The following version of this book was used to create this guide: Backman, Fredrik. Things My Son Needs to Know about the World. Simon & Schuster Canada, 2019.
This fatherhood love story, written by Swedish novelist Fredrik Backman, is a collection of letters written to his son about the lessons he feels will be important as he grows up. Through short essays, notes to self, and other quirky pieces of writing, Backman creates a light-hearted account of the first year and a half of his son's life.
Fredrik Backman's novel is divided into 13 chapters, each containing various lessons that he feels will benefit his son when he is older. Backman's son, who goes unnamed throughout the novel, is only a year and a half old at the time of writing. Backman is a loving but immature father figure who feels unprepared for the journey ahead. He intersperses pop culture references such as instructions on how to beat the final level of Monkey Island 3 between important lessons.
At the beginning of the book, Backman preemptively apologizes to his son for all the mistakes he will inevitably make as a new father, and stresses that everything he does was in the best of intentions. He continues by diving right into the lessons, starting off with poop, technology and the pressures placed on the modern parent. Technology is a common theme throughout the novel, and Backman explains how it has placed added stress on parents, not allowing them to make the same honest mistakes that the generation before them made. With Google and the amount of information at a click of a button, people have access to all the information of the world, making parenthood even more overwhelming than it already was.

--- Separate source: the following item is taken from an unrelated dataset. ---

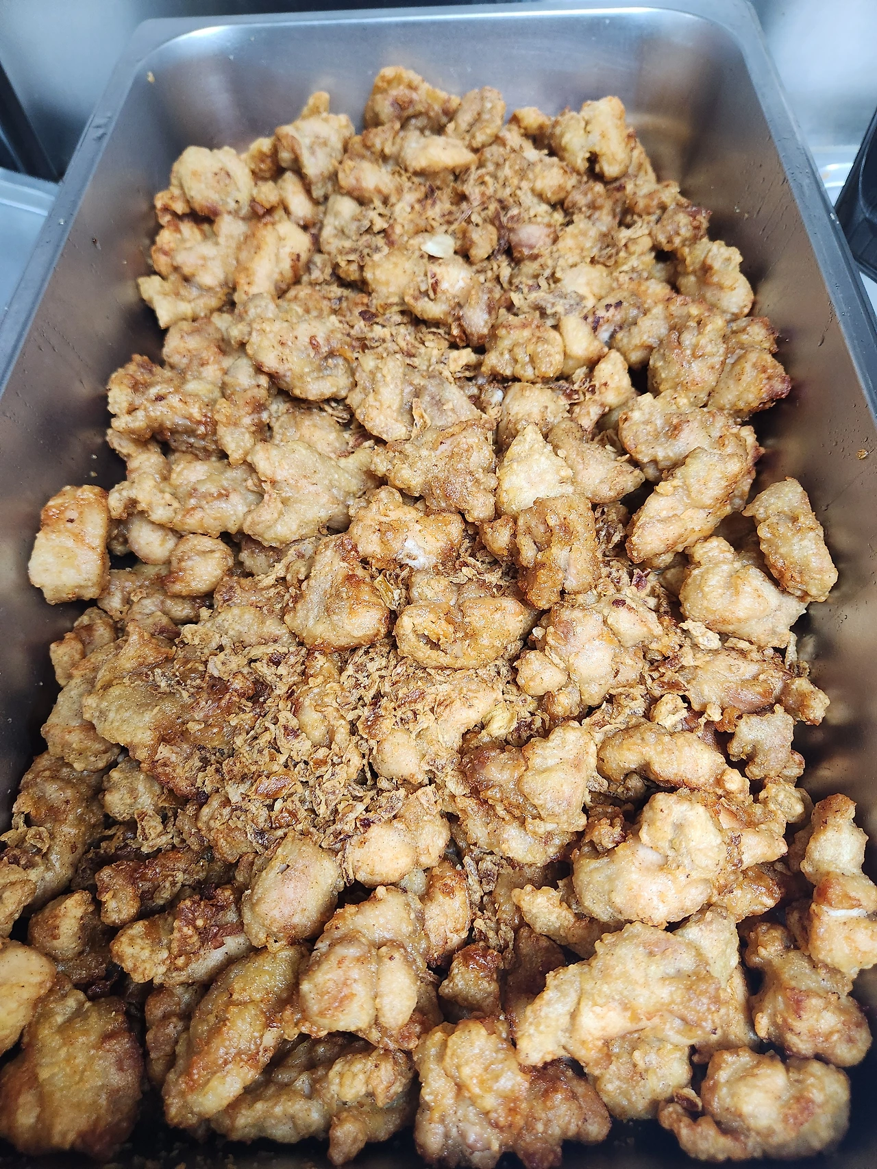 식당으로 나가기 전에 양파튀김가루를 골고루 뿌려주면 끝이다. 혹시라도 눅눅해질 수 있음으로 뚜껑은 살짝 비스듬히 덮어서 쌓기를 시작한다. 역시나 배식이 시작하자마자 배식용 바트를 쌓을 겨를 없이 계속 식당으로 배송된다. '바쁘다 바빠!' 역시, 튀김은 오늘도 인기 메뉴이다.

After technology, Backman talks about the popular furniture store IKEA. He uses the store as a setting to highlight the importance of compromise and learning when to pick your battles. In this chapter he claims that though most rules should be followed, such as the arrows that guide you through IKEA, there is leeway to challenge the rules in the case that it will benefit society. Although not particularly fond of the location, he explains that he learned the value of relationships over material items during one of his trips to the store.

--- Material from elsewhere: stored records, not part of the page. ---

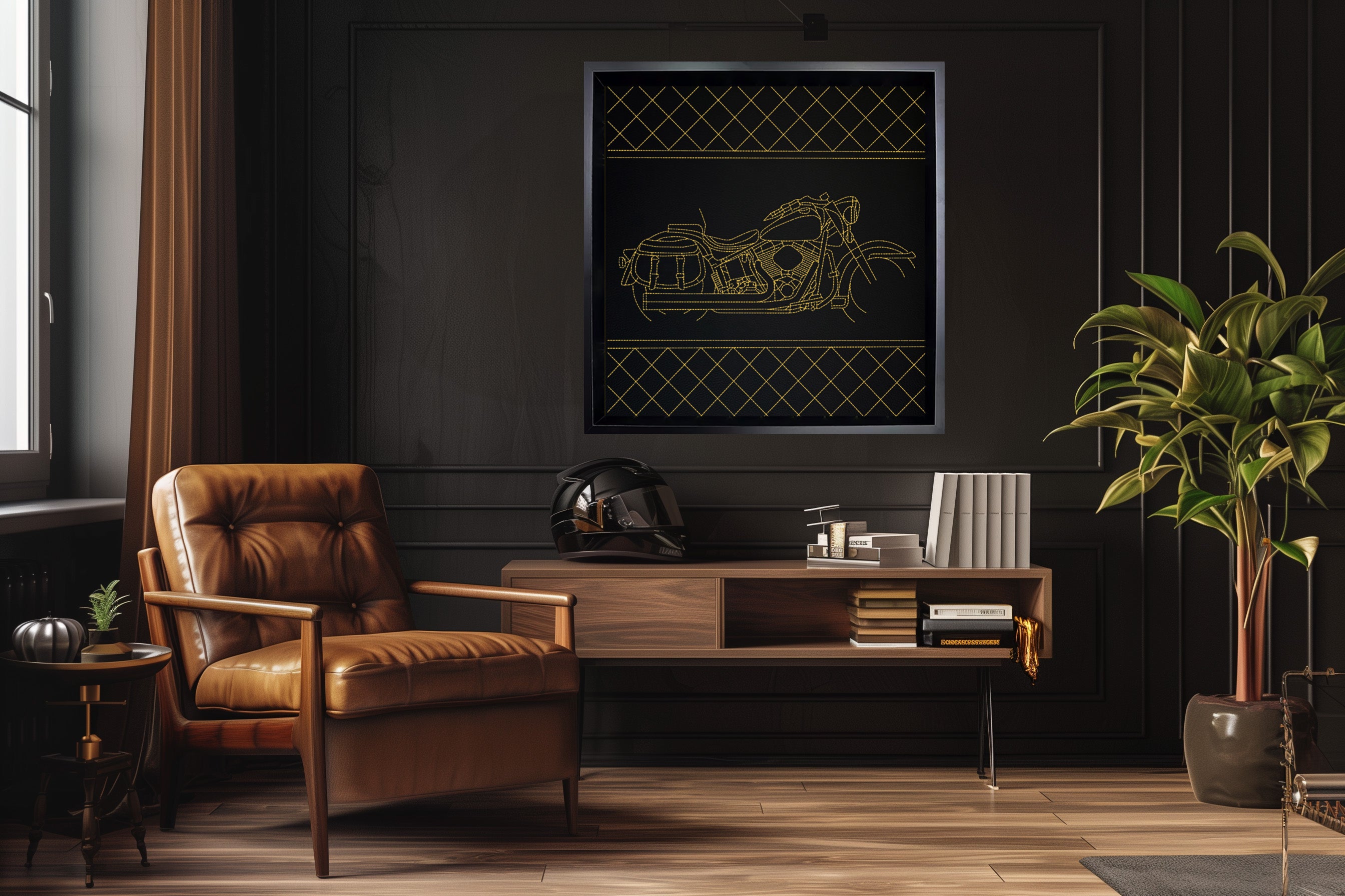 Carbon Leather Heritage Classic 1944 Inspired Wall Art: Embroidered Stitch
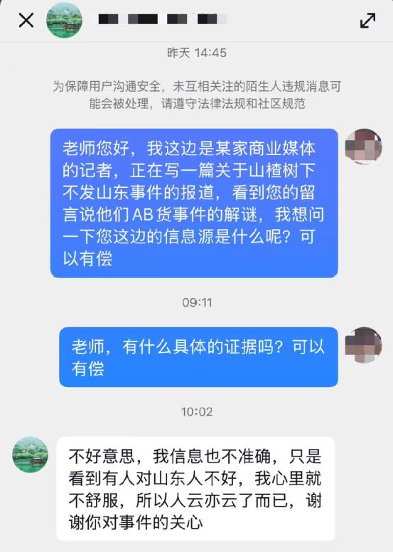 回到导致山楂树下事件爆发的截图,消费者在上述前提下询问客服,得到了“不发货”的回答。这个回复被视为山楂树下站队地域歧视的商家一方,背刺山东消费者的行为。
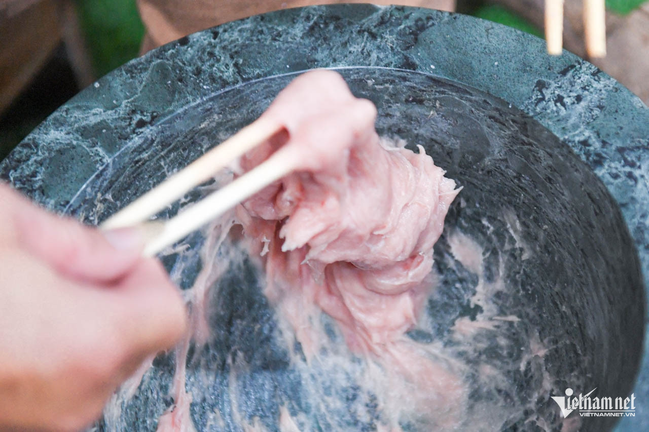 “Making gio cha requires strict procedures,” said artisan Le Tien Ung. “The pork must be fresh and sticky to the touch, and the pounding process must be consistent to ensure the right texture. Even the banana leaves for wrapping must be carefully chosen to enhance the aroma and color.”

Growing up in Europe, the popularity of soccer was all around Backman, and he uses it as a metaphor to explain the value of belonging in a community of likeminded people. He advises his son to find a community of individuals whom he can connect with, whether it is through soccer or something else. He feels that soccer will be the way the two of them stay connected as they grow old.
As the essays continue to flow, Backman's tone becomes more sentimental, and his anecdotes provide more poignant lessons. Instead of discussing trivial matters, such as toy giraffes and sandwiches, he shifts to focus on love and morality. He hopes to teach his son, on the whole, that there is no one answer for anything but that he must try to learn and always work to be the best version of himself- no matter the scenario. He explains that sometimes the line between good and evil can be unclear, and also that, while he does not condone fighting, sometimes life requires you to stand up for what is right.
Backman talks specifically to his son about his relationship with his wife, and describes what he feels is important for maintaining a healthy relationship. He gushes about his wife and hopes that his son will find the type of love him and his wife have found.
To close the novel, Backman shares his near death experience in hopes that he can bestow on his son the value of life and the importance of appreciating every moment.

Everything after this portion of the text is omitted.